A weighted hybrid ensemble method for classifying imbalanced data

Jiakun Zhao,Ju Jin,Si Chen,Ruifeng Zhang,Bilin Yu,Qingfang Liu
DOI: https://doi.org/10.1016/j.knosys.2020.106087
2020-09-01
Abstract:<p>In real datasets, most are unbalanced. Data imbalance can be defined as the number of instances in some classes greatly exceeds the number of instances in other classes. Whether in the field of data mining or machine learning, data imbalance can have adverse effects. At present, the methods to solve the problem of data imbalance can be divided into data-level methods, algorithm-level methods and hybrid methods. In this paper, we propose a weighted hybrid ensemble method for classifying imbalanced data in binary classification tasks, called WHMBoost. In the framework of the boosting algorithm, the presented method combines two data sampling methods and two base classifiers, and each sampling method and each base classifier is assigned corresponding weights, which makes them have better complementary advantages. The performance of WHMBoost has been evaluated on 40 benchmark imbalanced datasets with state of the art ensemble methods like AdaBoost, RUSBoost, SMOTEBoost using AUC, F-Measure and Geometric Mean as the performance evaluation criteria. Experimental results show significant improvement over the other methods and it can be concluded that WHMBoost is a promising and effective algorithm to deal with imbalance datasets.</p>
computer science, artificial intelligence
What problem does this paper attempt to address?

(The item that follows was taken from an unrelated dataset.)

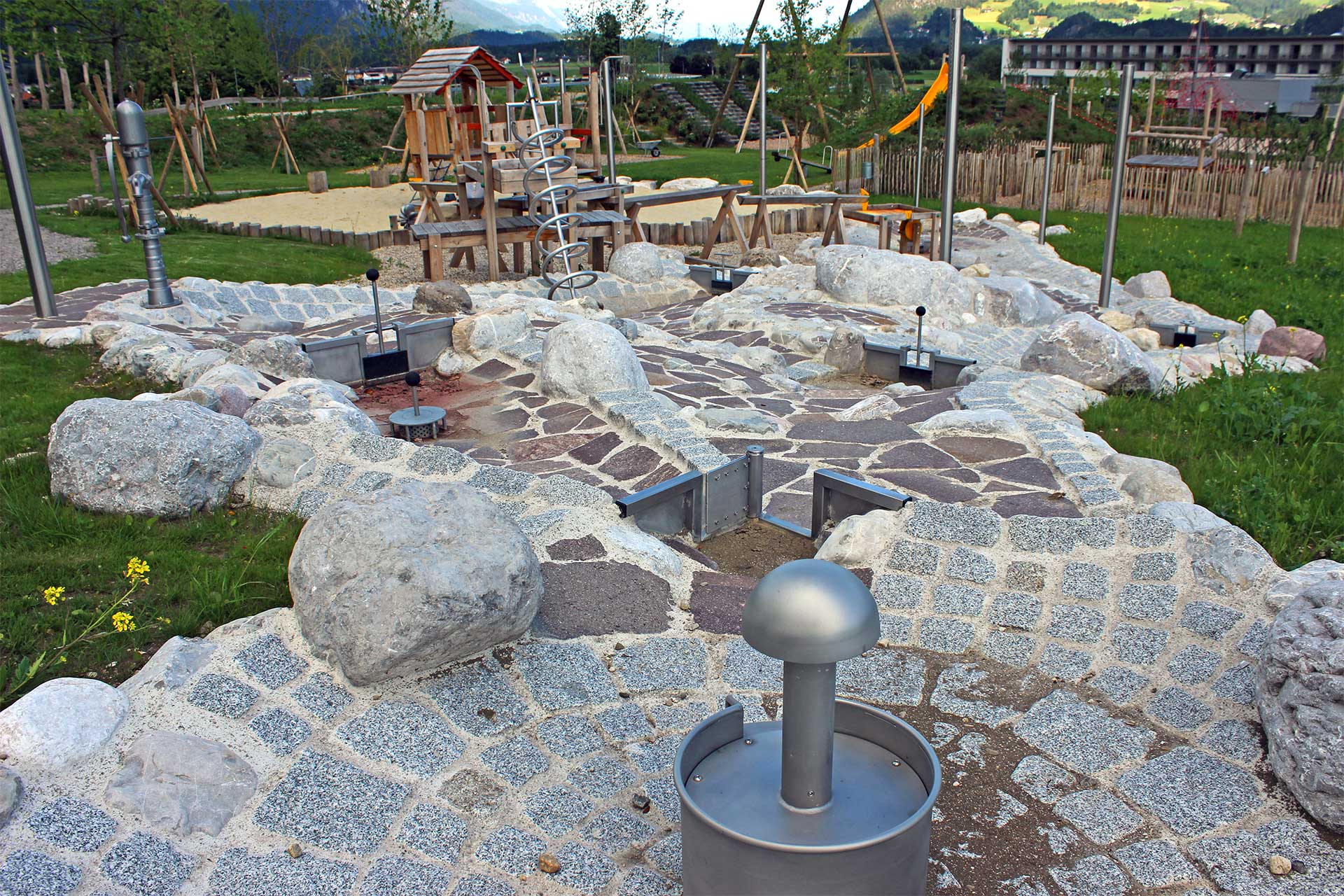 - kreative Kombinationen aus Pflanzen, Wasser und Stein,

The paper aims to address the issue of data imbalance in binary classification tasks. Specifically, the paper proposes a Weighted Hybrid Ensemble Method (WHMBoost), which combines two data sampling techniques and two base classifiers, assigning corresponding weights to each sampling method and base classifier to improve classification performance. The main contributions include: 1. Improved the random balancing algorithm by proposing an adjustable random balancing algorithm and validated its feasibility through experiments. 2. Proposed a weighted hybrid ensemble method that combines two sampling methods and two base classifiers. 3. Experimental results show that the proposed ensemble method outperforms other existing methods on multiple imbalanced datasets. 4. Demonstrated that the proposed ensemble model performs better than single models in certain cases.